Structured Innovation – Inventiveness as a methodology
A computer has invented! And it wasn’t just blindly following an algorithm. As I understand it, a computer called “Adam”* was programmed to carry out the entire scientific innovation process on its own. It formulated hypotheses. It designed and ran experiments. It analyzed the resulting data and then decided which experiments to run next. The computer incorporates artificial intelligence. This robotic system made a novel scientific discovery with virtually no human intellectual input (2009) and can utilize the scientific method.
Most of us who are serial inventors go through the innovation process so quickly, it seems like a single stroke of brilliance (I say with a modest tuck of my chin). But in fact, if we break down what is happening, there is a step-by-step process and this process has been studied for over 60 years.
And if an inventive computer is not enough to blow our minds and excite our hearts, the NSF has a Cyber-Enabled Discovery and Innovation (CDI) initiative that intends to create revolutionary science and engineering research outcomes through computational thinking. It will generate and apply new knowledge and produce paradigm shifts.

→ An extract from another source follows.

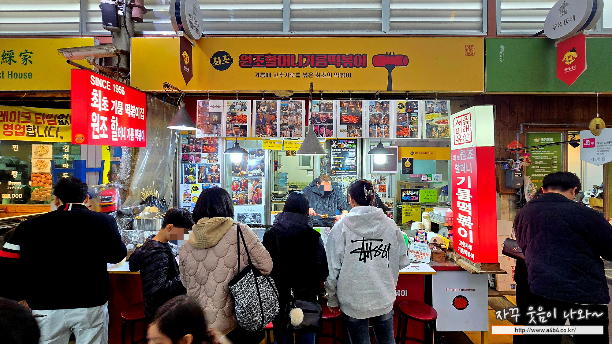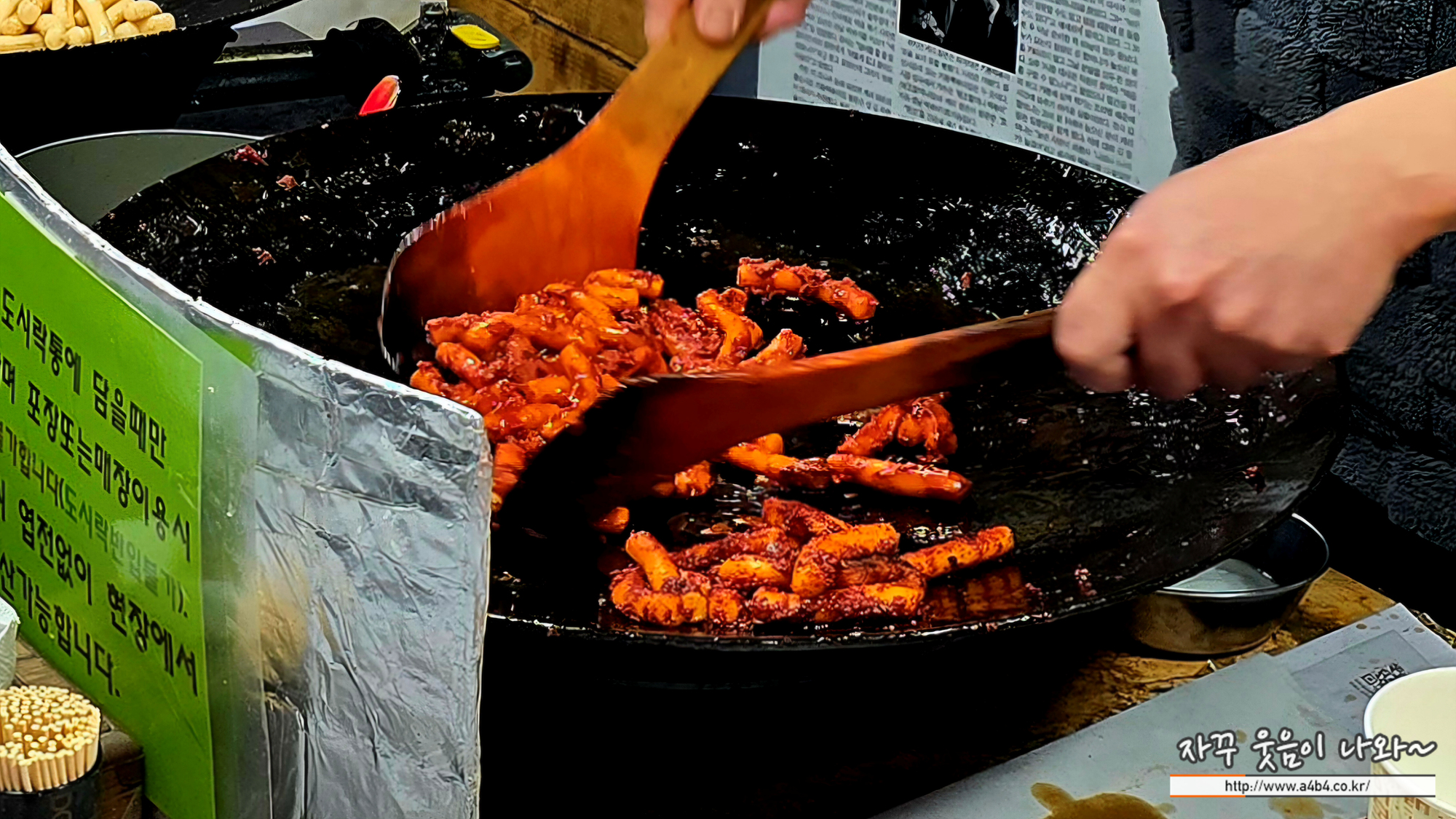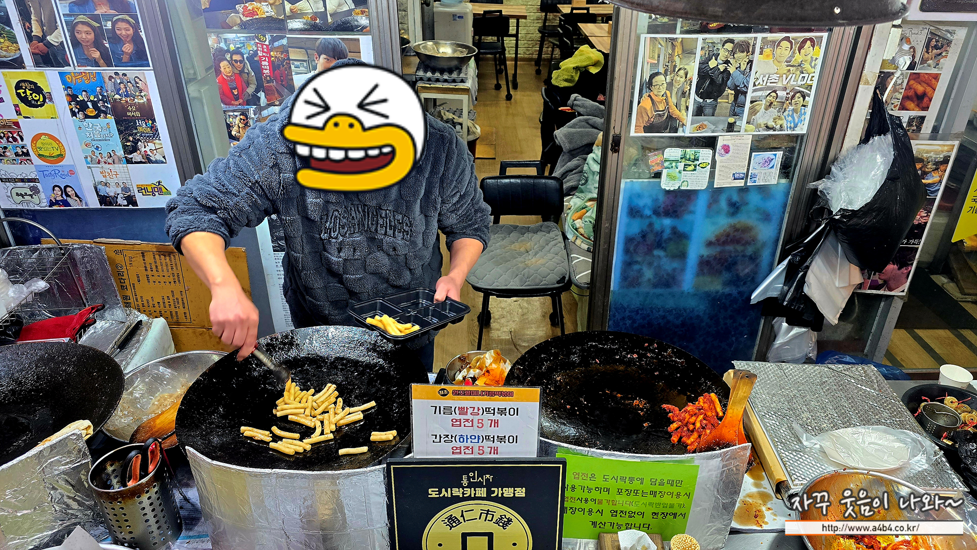역시나 이곳 통인시장 도시락카페에서 빠질수 없는 메뉴는 바로 기름떡볶이 입니다. 몇몇곳이 있는데요. 모두들 원조를 주장하고 있습니다. 저희는 줄서있는 사람들이 많지도 적지도 않은 통인시장 원조 할머니 기름떡볶이에서...

We’ve been talking about innovation being structured for over a decade. There’s a methodology people can learn and a step-by-step process people can take. It has developed into an applied science. Now scientists are programming computers to do it, which means there is no more ignoring the fact that there is a teachable, manageable way to repeatedly innovate.
* Professor Ross King head of the Computational Biology Group at the University of Wales’ Department of Computer Science (Aberystwyth, UK) is a member of the Adam team. The inventive work was performed finding missing enzymes in metabolic pathways.